Williams, who has been managing director of National Commercial Bank's (NCB) wealth management outfit since it was launched five years ago, himself jumped ship in 2004 from one such investment house, the former Dehring Bunting and Golding, which was bought last year by the Scotia Bank Group and merged with its investment and wealth man-agement operations to create Scotia DBG Investments Limited.
The invest-ment banker, who says he was intro-duced to the field in 1993 by former merchant banker and businessman, OK Melhado, believes NCB, which just reported $7.3 billion in profits for the nine months to June on top of $8.7 billion net profit last year, and major rival, Scotia Bank, cannot now be beaten at the wealth management business.
"At the end of the day DB&G had to sell. Despite the creativity and everything, if you don't have it complementary with the brand and the capital and the distribution, you are not going to be able to compete. And that's why I think eventually they sold, which I thought was an excellent decision."
Training ground
He acknowledged that DB&G, with its creative edge in investment banking, was good training ground.
"DB&G was a once in a lifetime experience. I was glad to be a part of it."
Asked if the door was now closed to new independent players, Williams opined that those entities cannot compete against the strong name recognition and extensive branch networks of the big banks.
"In the wealth management area the competition is not so much product-driven, it's the distribution channels," said Williams.

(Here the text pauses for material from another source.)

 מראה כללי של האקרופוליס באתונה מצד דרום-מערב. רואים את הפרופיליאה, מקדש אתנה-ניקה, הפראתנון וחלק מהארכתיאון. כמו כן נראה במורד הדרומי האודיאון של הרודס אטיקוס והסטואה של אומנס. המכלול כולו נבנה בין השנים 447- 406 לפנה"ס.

"All of us essentially carry the same products, the only to gain competitive advantage is through strong brand recognition and that cost a lot of money and time."
NCB is said to have spent 250 million over the past five years building its capital markets presence on the Jamaican financial landscape.

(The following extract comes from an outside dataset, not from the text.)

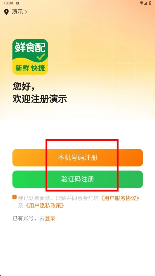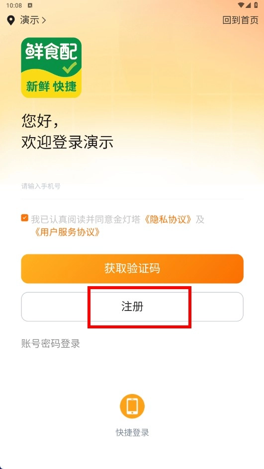 2、鲜食配登录页勾选协议后,点击【注册】按钮,即可进入注册流程,使用生鲜采购服务。

"The only reason people were able to get in is because these two entities (NCB and Scotia Bank) didn't take the wealth management area very seriously. Now they are serious about it and are very competitive."
NCB Capital Markets grew out of the 2002 merger of NCB Investments with Edward Gayle and Company, one of Jamaica's pioneering stock brokerage houses started in 1968.
While the new entity, by Williams' own admission and its financials since 2004, got off to a flying start, growing profit to $1.4 billion in its first year from $400 million in 2003, its performance has been checked lately by the effect of the global financial meltdown.
Last year NCB Capital Markets lost $1.2 billion in securities it pledged for margin facility with international investment house, Lehman Brothers, which collapsed in September.
The blow dragged down NCBCM's net profit for the year ending in September by a near 51 per cent to $776 million.
But NCB officials are now saying NCBCM is on the upswing recording net profits of just under $1-billion for the nine months to June this year against near $1.4 billion in the same period last year.
Hard lessons
Williams says both he and the company he heads have learned some hard lessons from the blow it suffered in the Lehman Brothers collapse.
NCBCM has slashed operating costs and leveraged the internal competencies of the 170 year-old NCB to put a tighter rein on securities management, centralise treasury operations and improve asset management. As a result of the structural changes, NCBCM now focuses more of its time and resources on the sales and customer service functions.
The recent recruitment of Steven Gooden as vice-president for investments has completed the staff strengthening, Williams said.
"We are making progress," the NCBCM managing director said of the recovery at a recent press conference by parent, NCB.
"The entire back-office operation has been strengthened so that there is no more mistakes in terms of investment decisions (as) seen from the very little provision for operational exposure," he pointed out last week.
As the investment house looks to ramp up business and profitability, Williams laments that many investors are still short term in view. Despite the global economic downturn, he said, there has been no noticeable decline in the stock of wealth and people appear to be saving more.
Asked about inherent risks from the heavy skewing of NCBCM's investment portfolio towards repurchase agreements (repos), Williams says the company and parent group possessed the capital to support such a model even as NCBCM was looking at greater diversification through new products.
good returns
With no new private placements lined up, the capital markets player continues to reap good returns from interest income.
But Williams, also deputy chairman of the Jamaica Stock Exchange, is keen to point potential investors towards the stock market.
"The capital market is tremendously under-utilised in Jamaica (yet) you have companies that are investing significantly in expansion and launching new products."
Williams, who as a board director of the JSE, is guiding the establishment of the Junior Stock Exchange, the regional Caribbean Exchange Network and the planned implementation of a training institute by the JSE, says the stock market remains among the best long-term options for investors to make money by buying into existing companies or raising cash for expanding their existing businesses.